=== Begin Enclosure ===
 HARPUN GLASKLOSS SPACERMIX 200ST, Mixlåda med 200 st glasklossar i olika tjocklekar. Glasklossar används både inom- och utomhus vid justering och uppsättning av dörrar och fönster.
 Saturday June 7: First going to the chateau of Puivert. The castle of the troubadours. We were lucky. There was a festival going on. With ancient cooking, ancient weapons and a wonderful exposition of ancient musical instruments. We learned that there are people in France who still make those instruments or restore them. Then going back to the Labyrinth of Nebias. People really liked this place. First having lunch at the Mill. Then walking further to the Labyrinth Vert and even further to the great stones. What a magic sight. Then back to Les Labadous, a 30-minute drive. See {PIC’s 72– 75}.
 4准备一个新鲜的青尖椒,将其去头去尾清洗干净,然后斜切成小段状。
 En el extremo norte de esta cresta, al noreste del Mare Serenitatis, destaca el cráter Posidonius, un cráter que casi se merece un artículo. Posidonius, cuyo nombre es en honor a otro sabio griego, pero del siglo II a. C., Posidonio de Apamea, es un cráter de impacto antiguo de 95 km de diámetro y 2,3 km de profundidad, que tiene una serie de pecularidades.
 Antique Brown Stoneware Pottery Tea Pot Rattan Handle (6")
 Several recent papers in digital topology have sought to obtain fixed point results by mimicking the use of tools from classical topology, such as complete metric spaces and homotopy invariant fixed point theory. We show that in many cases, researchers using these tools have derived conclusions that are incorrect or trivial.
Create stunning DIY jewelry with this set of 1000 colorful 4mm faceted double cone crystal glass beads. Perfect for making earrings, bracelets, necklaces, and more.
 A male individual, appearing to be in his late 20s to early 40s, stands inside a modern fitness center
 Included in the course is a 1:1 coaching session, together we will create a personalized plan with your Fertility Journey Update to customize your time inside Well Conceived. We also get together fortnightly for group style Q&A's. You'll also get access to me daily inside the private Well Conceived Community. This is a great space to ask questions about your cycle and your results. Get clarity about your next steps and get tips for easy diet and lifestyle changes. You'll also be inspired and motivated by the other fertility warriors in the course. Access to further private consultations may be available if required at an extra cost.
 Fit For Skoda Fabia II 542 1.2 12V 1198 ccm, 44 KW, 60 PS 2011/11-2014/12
=== End Enclosure ===
» **How to complete this task**
Restate the whole listing word for word so that no line differs from the original.

» **Written solution**
 HARPUN GLASKLOSS SPACERMIX 200ST, Mixlåda med 200 st glasklossar i olika tjocklekar. Glasklossar används både inom- och utomhus vid justering och uppsättning av dörrar och fönster.
 Saturday June 7: First going to the chateau of Puivert. The castle of the troubadours. We were lucky. There was a festival going on. With ancient cooking, ancient weapons and a wonderful exposition of ancient musical instruments. We learned that there are people in France who still make those instruments or restore them. Then going back to the Labyrinth of Nebias. People really liked this place. First having lunch at the Mill. Then walking further to the Labyrinth Vert and even further to the great stones. What a magic sight. Then back to Les Labadous, a 30-minute drive. See {PIC’s 72– 75}.
 4准备一个新鲜的青尖椒,将其去头去尾清洗干净,然后斜切成小段状。
 En el extremo norte de esta cresta, al noreste del Mare Serenitatis, destaca el cráter Posidonius, un cráter que casi se merece un artículo. Posidonius, cuyo nombre es en honor a otro sabio griego, pero del siglo II a. C., Posidonio de Apamea, es un cráter de impacto antiguo de 95 km de diámetro y 2,3 km de profundidad, que tiene una serie de pecularidades.
 Antique Brown Stoneware Pottery Tea Pot Rattan Handle (6")
 Several recent papers in digital topology have sought to obtain fixed point results by mimicking the use of tools from classical topology, such as complete metric spaces and homotopy invariant fixed point theory. We show that in many cases, researchers using these tools have derived conclusions that are incorrect or trivial.
Create stunning DIY jewelry with this set of 1000 colorful 4mm faceted double cone crystal glass beads. Perfect for making earrings, bracelets, necklaces, and more.
 A male individual, appearing to be in his late 20s to early 40s, stands inside a modern fitness center
 Included in the course is a 1:1 coaching session, together we will create a personalized plan with your Fertility Journey Update to customize your time inside Well Conceived. We also get together fortnightly for group style Q&A's. You'll also get access to me daily inside the private Well Conceived Community. This is a great space to ask questions about your cycle and your results. Get clarity about your next steps and get tips for easy diet and lifestyle changes. You'll also be inspired and motivated by the other fertility warriors in the course. Access to further private consultations may be available if required at an extra cost.
 Fit For Skoda Fabia II 542 1.2 12V 1198 ccm, 44 KW, 60 PS 2011/11-2014/12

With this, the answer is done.